The Accountability Imperative
If there is a single theme binding every voice in India’s tech leadership conversation this National Technology Day, it is responsibility, not as a compliance checkbox, but as a competitive necessity.
“Performance and responsibility must go hand in hand, because at India’s scale, trust will be the true measure of technological success.”
— Vinod Babu Bollikonda, MD & Group CEO, Blue Cloud Softech Solutions
That framing—trust as the ultimate KPI—recurs across sectors. In real estate, Samarth Setia of Rezio AI argues that AI’s biggest opportunity is transforming a market plagued by stale listings and opaque pricing into one defined by verified data and accountable transactions. “The future is not about replacing real estate agents,” he notes, “but enabling them to provide faster, more transparent and more accountable results.”
In workforce services, Balasubramanian A of TeamLease frames the stakes even more starkly. Technology, he warns, risks deepening the very skill gaps it promises to close. “Responsible innovation will be defined by how effectively it connects people to employability,” he says, “and enables more inclusive participation in economic growth.”
The 2.2 Billion Who Are Still Offline
The most sobering perspective on National Technology Day comes from those building not for the connected few but for the disconnected many.
“An estimated 2.2 billion people remain offline, disproportionately women, rural populations, and low-income groups. Technology becomes truly powerful when guided by empathy and delivered with responsibility.”

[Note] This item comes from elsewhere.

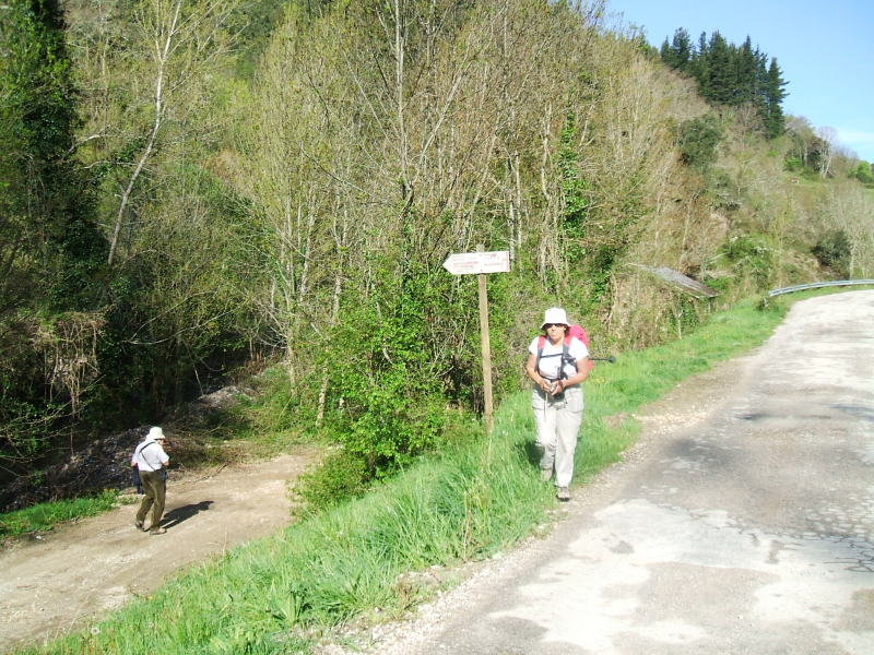 Tras unos 500 m. por dicho sendero, desembocamos en un camino más limpio por el cual descendimos hasta llegar una pista que nos llevó haste el pueblo de Cabariezo, donde de nuevo, misteriosamente, volvieron a aparecer las marcas de PR.

— Jaimy Thomas, Co-founder & Chief Delivery Officer, Experion Technologies
Thomas’s company has built AI systems for elderly care, agricultural decision-making, organ donation coordination, and healthcare access across 44 countries and 27 languages. His argument is not abstract: technology that cannot reach people in the moments that matter has failed its mandate, regardless of how sophisticated it is.
LinkedIn’s Malai Lakshmanan, Head of India Engineering, echoes the sentiment from within one of the world’s largest professional platforms. “Meaningful innovation is driven not just by technology,” he says, “but by strong engineering cultures that foster collaboration, continuous learning, and diverse thinking.”
The Next Pokhran Moment
Prateek Shukla of Masai puts it with characteristic directness: “Just like ‘Shakti’, technology over-arcs knowledge, prosperity, and power.” The original Shakti tests were a declaration of capability. What India’s technology leaders are reaching for now is something harder to achieve and more durable: a declaration of character.
The country has the engineers, the infrastructure investment, and, increasingly, the policy architecture to compete at the forefront of global technology. Whether it can do so while ensuring that the benefits flow to a farmer in Bihar as readily as they do to a founder in Bengaluru—that is the test that will define this generation of Indian innovation.
Operation Shakti announced that India could build the bomb. National Technology Day 2025 asks whether India can build something even more powerful: a digital economy that works for everyone.